A nobre arte de reduzir os incómodos

Lord Byron
Quem cultiva algum gosto, algum espírito, e ideais de certa elevação, tem por vezes de fazer um exercício exigente: o desprendimento. O olhar para os factos com um pouco de ironia, com ausência de emoção, com uma frieza prática. Por mais que o temperamento de cada um se incline para o artístico (o que tendo panache, pode ser um atraso de vida) o poético (que convida a uma morbidez algo inestética) ou o excessivo (que não deixa de ter a sua graça, mas pode roçar o mau gosto num ápice) é preferível exercer o spleen sem analisar demasiado, sem levar as coisas muito a sério, arranhando só a superfície. 

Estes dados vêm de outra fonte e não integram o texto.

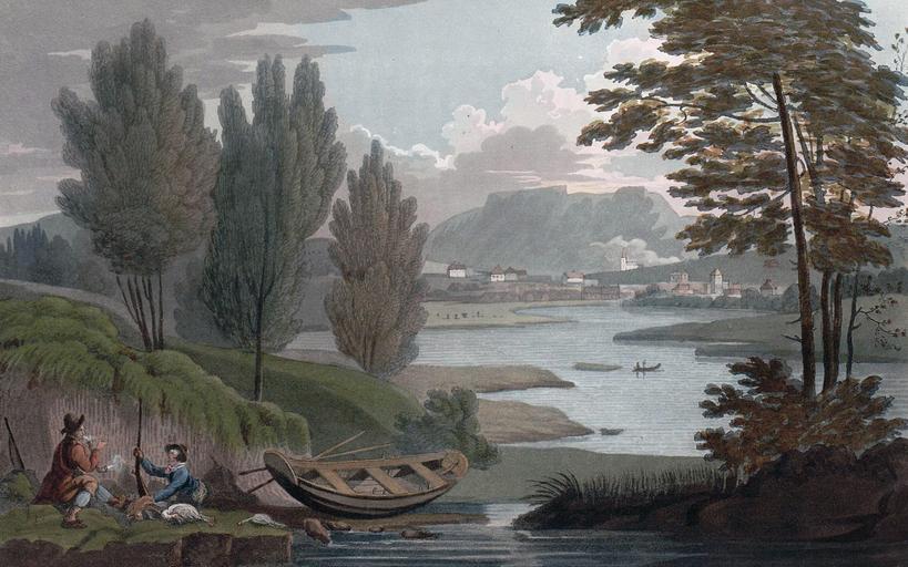 | Keywords: Distant View of Skeen (JW Edy plate 37).jpg Artwork Creator John William Edy en Distant View of Skeen named prams in general use throughout Norway; at this town they are construeted very slight with few ground timbers and no saxboards ; the head is considerably higher and projects more out of the water than that of the pram made at other places The hunters with their rifle guns and game are seen reposing and regaling themselves with the mersham pipe under a stratified piece of rock on the bank of a stream which drives the saw and flour mills in the town The huntsmen set out early in the morning into the woods and there sit down with almost inconceivable patience sheltered by a bush to wait for the game No better marksmen can be found; with a rifle ball they invariably hit their game in the eye or head thus preserving the skins entire Few persons are able to endure cold hunger fatigue or adversity in any shape with a degree of magnanimity and composure equal to that which is familiar to the natives of Norway After being out a whole day on a hunt exposed to the bleakest winds and most penetrating cold and that without the least thing to satisfy the calls of nature the hunter comes home warms himself takes a glass of brandy if he has it a bit of brown unleavened bread smokes his pipe of tobacco and then retires to rest as calm as if in the midst of plenty Collapse bottom http //urn nb no/URN NBN no-nb_digibok_2011072910001 Boydell's picturesque scenery of Norway London 1820 Plate no 37 p 217 in scanned copy no-nb_digibok_2011072910001 PD-Art-100 John William Edy Boydell's picturesque scenery of Norway Historical images of Skien Geography of Telemark Hunting in Norway Telemark in art |

Muitas coisas que parecem, à primeira vista, um desgosto, uma grande contrariedade, devem ser encaradas como simples maçadas, deslizes, tropeços, incidentes, aborrecimentos, canseiras, disparates ou mesmo erros ridículos. Há que conceder o colorido título de desgosto aos factos ou tragédias que - Deus nos livre delas, batam na madeira, etc - são importantes, no mau sentido. A chatice de cair num erro, por exemplo, pode ser vista sob uma perspectiva estética - foi um erro com certa graça, ou um acto de ingenuidade inconfessável? Valeu a aventura, ou os intervenientes e as circunstâncias ficam mal no retrato? Se ficam, descreva-se o episódio - a quem perguntar, ou a nós mesmos - como a most unpleasant incident. Evite-se mesmo os termos unfortunate, ou esta desgraçada questão, demasiado dramáticos para o que a ocasião exige, e encolham-se os ombros ou ergam-se as sobrancelhas. Se o facto é  socialmente condenável, mas não grave, só resta rir contidamente; fazer dele, eventualmente, uma private jokeAs nódoas são chatas, mas não são uma desgraça, mesmo no mais belo tecido: um giro à lavandaria e nunca mais ninguém se lembra.